The application/x-www-form-urlencoded format is the default format for HTML form submissions, as described in the HTML 4.01 specification. The the documentation for the URLEncoder class also describes this format.
In that format, a +
character represents a space, so the strand
attribute contains a single space. Except, the Attribute-Value Normalization section of the XML 1.0 specification states:
If the attribute type is not CDATA, then the XML processor MUST further process the normalized attribute value by discarding any leading and trailing space (#x20) characters …

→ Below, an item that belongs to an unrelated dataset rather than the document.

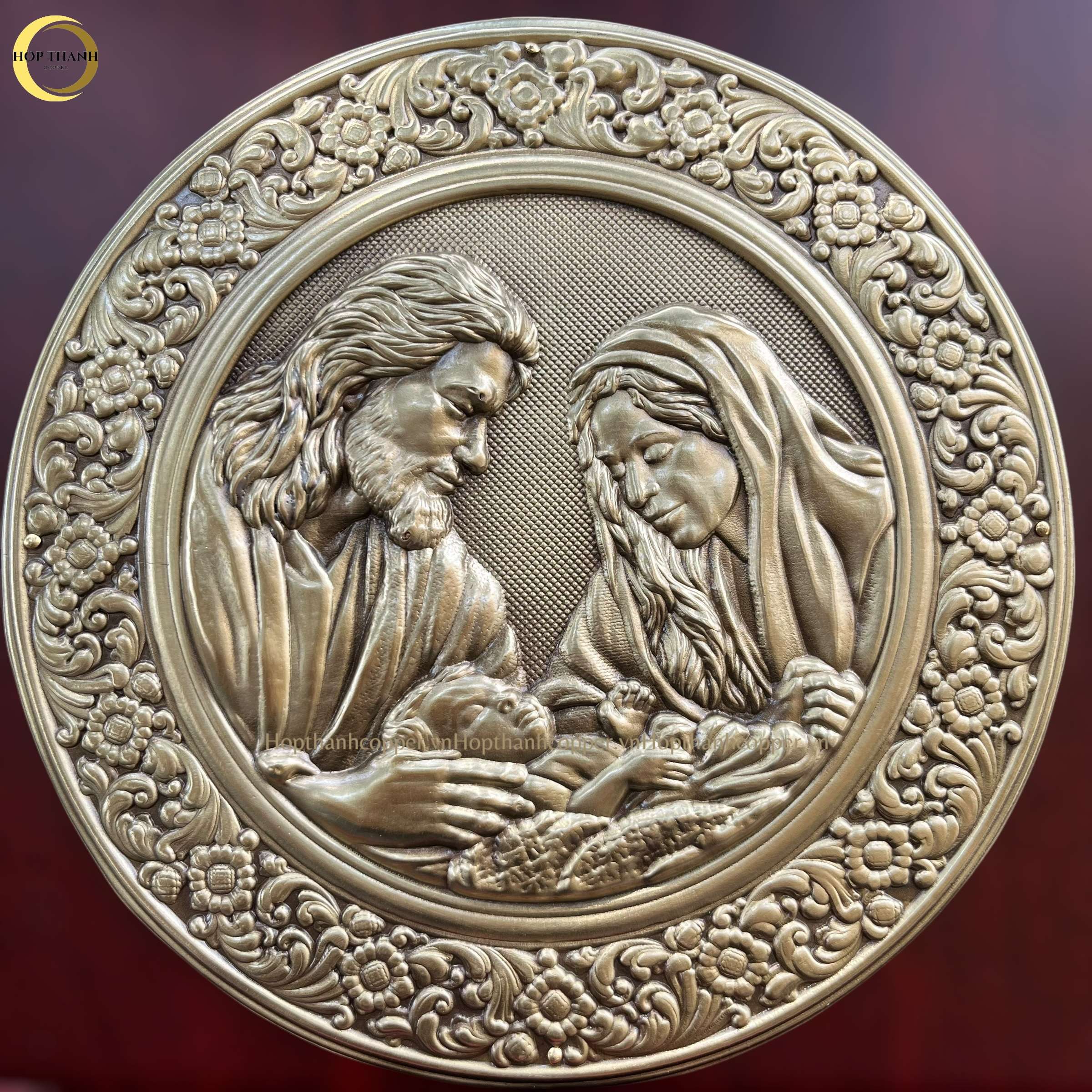 Thánh Giuse và Đức Maria ôm lấy Hài Nhi Giêsu một cách âu yếm, biểu hiện của tình yêu gia đình và sự bảo bọc thiêng liêng.

So, that single space is then normalized into the empty string (when all leading and trailing space is removed). The empty string, strand=''
, does not conform to the XML schema you are referencing, http://schemas.nmdp.org/spec/hml/1.0.1/hml-1.0.1.xsd .
URLEncoder.encode escapes all “reserved” characters, including +
, as percent-escapes, and then escapes spaces as +
. The server expects this format (almost certainly because a Content-Type: application/x-www-form-urlencoded
header is present in the HTTP request), and decodes the +
and percent-escapes back to the original XML.